IIITDM Kancheepuram was placed in the band "Excellent" (Rank 11–21) among Institutes of National Importance in ARIIA 2021. It was ranked 8th in NIRF Innovation Rankings 2023.

== Student life ==

=== Institute newsletter ===
IIITDM Kancheepuram publishes a semi-regular institute newsletter called Margdarshan, providing a platform for students to share articles and views on campus life.

=== Festivals ===

==== Samgatha ====
Samgatha is IIITDM's annual inter-college cultural festival held in March. Its name derives from the Sanskrit word meaning "Confluence" and comprises around 40 events.

==== Vashisht ====
Vashisht is IIITDM's annual inter-college technical festival held in October. It was first conducted in 2019.

=== Student bodies ===

The Student Affairs Council (SAC) is the representative student body of IIITDM Kancheepuram.

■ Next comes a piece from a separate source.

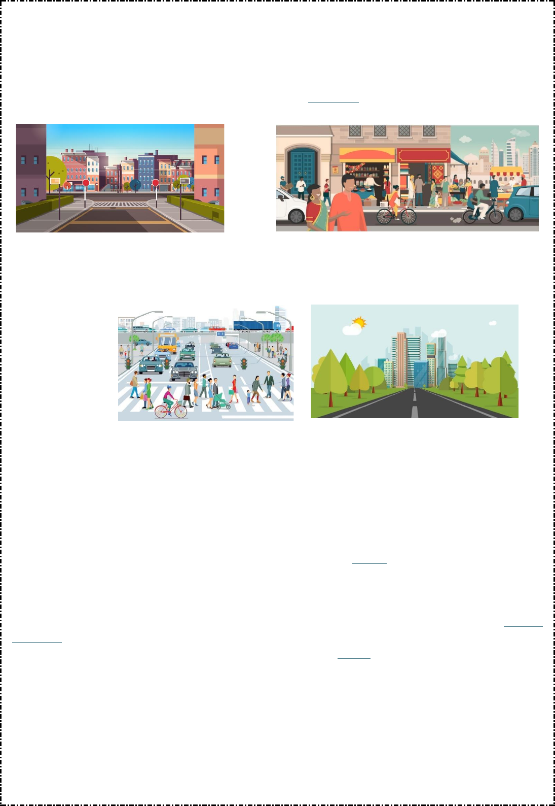 <p>Rua é um local público, isto é, todos têm direito de ir e vir por ela. A rua é o caminho utilizado pelas</p><p>pessoas e por diferentes veículos. Elas possuem calçadas, que são os espaços utilizados para as pessoas</p><p>andarem. Logo após as calçadas, são construídas as casas.</p><p>As ruas são diferentes umas das outras, por isso apresentam diversas formas: estreita, larga,</p><p>comprida, curta e sem saída. Elas podem ser muito ou pouco movimentadas, com árvores ou sem árvores, com</p><p>asfalto ou sem asfalto. Podem ter somente casas ou também comércios, como supermercados, lojas, bancos,</p><p>entre outros.</p><p>As ruas nos ajudam a nos deslocar pelas cidades.</p><p>É importante também saber que as ruas recebem nomes diferentes, pois isso ajuda na sua localização.</p><p>Podem receber nomes de:</p><p>• pedras;</p><p>• pessoas;</p><p>• árvores;</p><p>• países;</p><p>• estados;</p><p>• datas, entre outros.</p><p>É importante destacar que uma rua pode ser denominada de avenida, quando é mais larga e possui um</p><p>maior número de pessoas e veículos circulando.</p><p>As avenidas costumam ser bastante movimentadas.</p><p>Além da denominação de avenida, as ruas também podem receber o nome de alamedas, que são ruas</p><p>ou avenidas com uma grande quantidade de árvores dispostas nas calçadas.</p><p>As alamedas são repletas de árvores.</p><p>As ruas são o início das pequenas mudanças que ocorrem na cidade. Antes as ruas eram sem asfalto,</p><p>com poucos carros, mas, com o passar dos tempos, elas começaram a ser asfaltadas, recebendo maior número</p><p>de carros e lojas. Assim, muitas delas deixaram de ser um espaço calmo e tornaram-se muito movimentadas.</p><p>As ruas também têm como objetivo permitir que as pessoas se desloquem de um lugar para o outro.</p><p>Quando a distância é curta, nós podemos ir a pé; contudo, se a distância é grande, devemos usar um meio de</p><p>transporte, que pode ser uma bicicleta, ônibus, carro, etc.</p><p>Bairros são áreas compartimentadas, que compõem uma cidade ou município, cujas características</p><p>estão associadas ao processo de formação do local e às pessoas que nele vivem e que formam</p><p>uma comunidade. Essa divisão geográfica deu-se mediante a necessidade de facilitar não só a localização mas</p><p>também os estudos e pesquisas em determinadas áreas, pois muitas destas se expandem com rapidez.</p><p>Cada bairro possui suas particularidades, e essas estão especialmente associadas a sua ocupação e</p><p>ao local em que se encontram.</p><p>Você já reparou que as regiões centrais das cidades possuem características geralmente comuns? Ou</p><p>já reparou que as regiões mais periféricas se assemelham quanto a sua composição? Pois é, isso faz com que</p><p>existam os tipos de bairro, organizados segundo a ocupação das comunidades.</p><p>https://escolakids.uol.com.br/geografia/o-comercio.htm</p><p>https://escolakids.uol.com.br/historia/as-cidades.htm</p><p>https://escolakids.uol.com.br/geografia/meios-de-transporte.htm</p><p>https://escolakids.uol.com.br/geografia/meios-de-transporte.htm</p><p>https://escolakids.uol.com.br/historia/cidades-espacos-publicos-e-privados.htm</p><p>De forma geral, os bairros podem ser constituídos por ruas, casas, edifícios,</p><p>condomínios, indústrias, comércios, praças, shoppings, monumentos, entre outros. Podem também, segundo</p><p>sua localização, representar a cidade em alguns aspectos, como financeiro, turístico, tecnológico, entre</p><p>outros.</p><p>Tipos de bairro</p><p>Primeiramente é necessário dizer que não há uma classificação oficial para determinar os tipos de bairros. Os</p><p>bairros recebem determinadas denominações segundo as suas características, a sua comunidade, e a</p><p>quantidade de comércios, residências, indústrias, empresas e repartições públicas.</p><p>Também podem ser classificados segundo o valor dos imóveis que neles se encontram. Portanto, os elementos</p><p>observados de acordo com o senso comum é que nos fazem apontar alguns tipos de bairros, como:</p><p>1) Bairros residenciais</p><p>Nos bairros residenciais, as casas ou condomínios existem em</p><p>maior número.</p><p>São aqueles em que há predomínio de residências, podendo ser</p><p>casas térreas, sobrados e até condomínios. Nesses locais há pouca</p><p>presença de comércios. Cria-se neles uma identidade, pois</p><p>a população compõe uma comunidade que frequenta</p><p>diariamente lugares comuns e possui necessidades comuns.</p><p>Os bairros residenciais estão espalhados pela cidade, e cada um apresenta suas particularidades. Esses</p><p>podem ser mais ou menos populosos que outros; maiores ou menores em extensão territorial que outros; mais</p><p>arborizados ou menos que outros; mais próximos ou distantes dos grandes centros que outros etc.</p><p>2) Bairros comerciais</p><p>Nos bairros comerciais, há predomínio de comércios. [1]</p><p>São constituídos principalmente de comércios. As ruas nesses bairros são</p><p>repletas de lojas de roupas, brinquedos, materiais de construção,</p><p>eletrônicos, ou de estabelecimentos como padarias, açougues, frutarias,</p><p>salões de beleza, entre outros.</p><p>Devido à existência desses comércios, os bairros comerciais tendem a</p><p>ser bastante movimentados. Os centros das cidades costumam ter muitos bairros desse tipo, mas eles podem</p><p>ser encontrados em diversas regiões. O comércio localizado no centro das cidades facilita com que a</p><p>população de todos os outros bairros possa deslocar-se até ele sem percorrer grandes distâncias.</p><p>3) Bairros industriais</p><p>Os bairros industriais encontram-se em regiões mais</p><p>afastadas da cidade.</p><p>São aqueles em que predominam as indústrias e fábricas.</p><p>Por necessitarem de áreas maiores e, por vezes, produzirem</p><p>não só poluição como também muitos ruíd

It includes divisions for academic affairs, technical affairs, cultural affairs, alumni affairs, general affairs, hostel affairs, mess affairs, placement affairs, research affairs, and sports affairs. These divisions address student-related matters such as academic support, technical and cultural activities, hostel and mess issues, placement support, research guidance, and sports facilities.

==== SSG ====
The Social Service Group (SSG) is an institute-sponsored organisation that undertakes social and environmental initiatives including health camps, blood donation drives, and cleanliness campaigns.